◆ **EXERCISE OBJECTIVE**: Your answer is the lines below, exactly, from the one that contains "在旅行商店中,玩家就可以看到" through the one that contains "Jayden and Drew", both included.

◆ **SOURCE DATA**:
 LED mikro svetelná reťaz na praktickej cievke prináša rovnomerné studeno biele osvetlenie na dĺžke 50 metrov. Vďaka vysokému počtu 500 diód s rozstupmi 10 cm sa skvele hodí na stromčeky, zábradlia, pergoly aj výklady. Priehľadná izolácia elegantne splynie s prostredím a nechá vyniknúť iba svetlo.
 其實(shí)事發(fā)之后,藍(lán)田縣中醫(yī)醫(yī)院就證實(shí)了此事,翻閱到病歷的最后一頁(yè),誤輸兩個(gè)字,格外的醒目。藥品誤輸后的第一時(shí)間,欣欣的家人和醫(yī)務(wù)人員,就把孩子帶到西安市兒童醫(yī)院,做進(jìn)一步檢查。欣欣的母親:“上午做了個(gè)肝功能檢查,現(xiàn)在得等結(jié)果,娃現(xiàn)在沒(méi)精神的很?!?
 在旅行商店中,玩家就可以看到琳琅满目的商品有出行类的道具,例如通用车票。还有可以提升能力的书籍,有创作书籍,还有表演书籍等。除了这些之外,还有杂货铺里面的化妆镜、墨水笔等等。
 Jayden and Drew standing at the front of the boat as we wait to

==

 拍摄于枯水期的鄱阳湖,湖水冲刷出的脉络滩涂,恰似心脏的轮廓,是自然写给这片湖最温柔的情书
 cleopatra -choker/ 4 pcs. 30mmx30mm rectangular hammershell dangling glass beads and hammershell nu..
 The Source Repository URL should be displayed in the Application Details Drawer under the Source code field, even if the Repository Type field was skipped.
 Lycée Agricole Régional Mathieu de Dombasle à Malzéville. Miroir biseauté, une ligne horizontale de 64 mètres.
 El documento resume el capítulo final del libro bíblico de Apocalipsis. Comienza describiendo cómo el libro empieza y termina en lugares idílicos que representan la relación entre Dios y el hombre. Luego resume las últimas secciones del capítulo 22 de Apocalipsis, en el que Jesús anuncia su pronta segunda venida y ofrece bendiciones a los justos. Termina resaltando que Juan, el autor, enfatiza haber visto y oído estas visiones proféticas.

◆ **ANSWER FOR THIS EXERCISE**:
 在旅行商店中,玩家就可以看到琳琅满目的商品有出行类的道具,例如通用车票。还有可以提升能力的书籍,有创作书籍,还有表演书籍等。除了这些之外,还有杂货铺里面的化妆镜、墨水笔等等。
 Jayden and Drew standing at the front of the boat as we wait to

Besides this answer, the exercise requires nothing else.